Читаем Дети мои полностью

Под утро ноги опять вывели его к Волге. Поняв, что вновь стоит на обрыве, Бах опустил руки и перестал стучать. Однако уши его за долгую ночь так привыкли к бряцанию дерева о жесть, что и теперь в них раздавался тот же звук. Бросил ведро с колотушкой на землю – не помогло. Желая избавиться от наваждения, пнул ногой оба предмета – скинул в Волгу. Глаза его отчетливо видели, как ведро, вращаясь и покрываясь вмятинами от ударов о камни, запрыгало по спуску вниз и ухнуло в воду; как колотушка завертелась, скатываясь по тропе, и булькнула в прибрежную пену. А в голове – по-прежнему звенело.
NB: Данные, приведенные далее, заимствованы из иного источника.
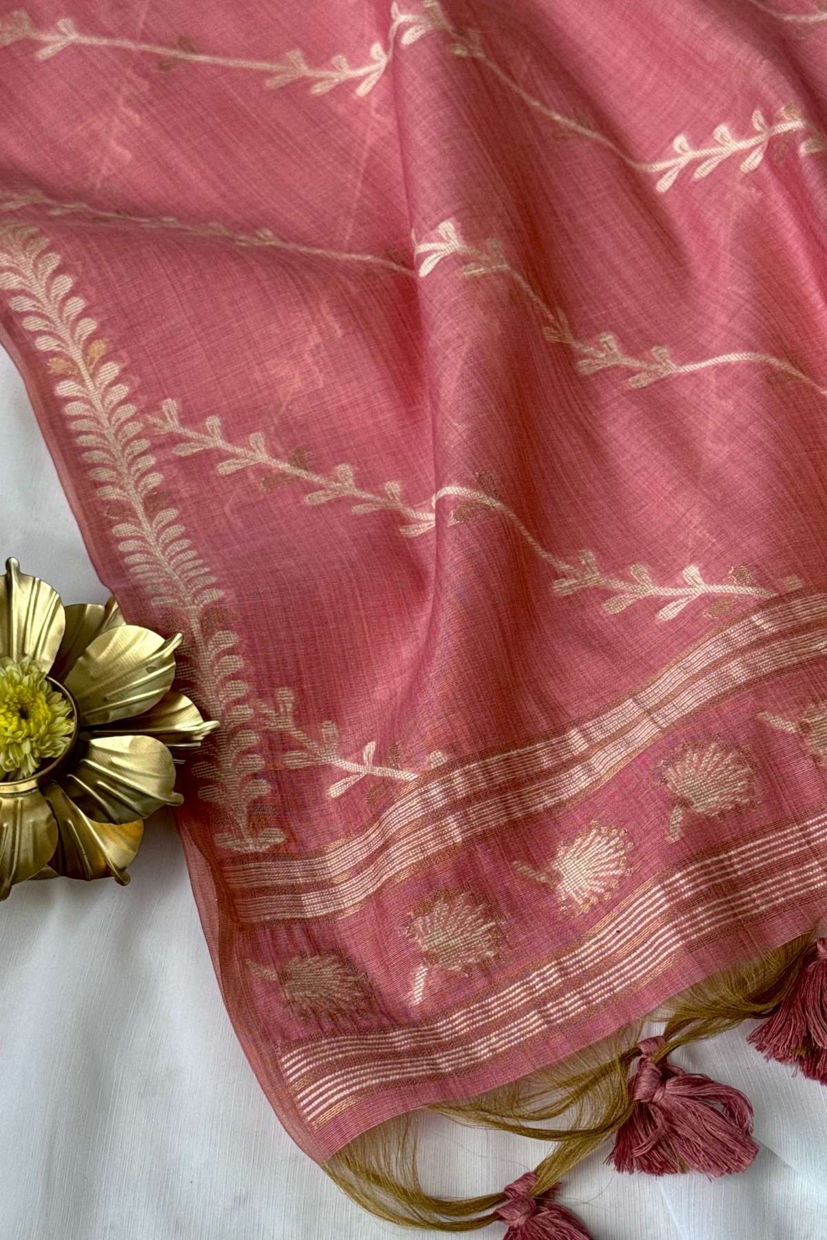 Embrace the beauty of delicate florals with our 'Pink Petals' suit set. Crafted from luxurious handloom chanderi, this pink ensemble features intricate floral weaves that add a touch of elegance and grace. Lightweight, breathable, and effortlessly chic.

Он поднял к лицу руки, чтобы зажать покрепче уши, – и в робком свете зари заметил, что ладони иссечены глубокими царапинами, испестрены грязью, налипшей хвоей, сухой травой. Такими же грязными были и предплечья, и плечи, и грудь: одежда превратилась в лохмотья, сквозь которые глядело не тело, а распухшее от синяков и ссадин мясо – одна сплошная запекшаяся рана. Ноги черны от глины, ступни – босы: верно, башмаки остались лежать где-нибудь в овраге. Впрочем, сейчас это уже не имело значения.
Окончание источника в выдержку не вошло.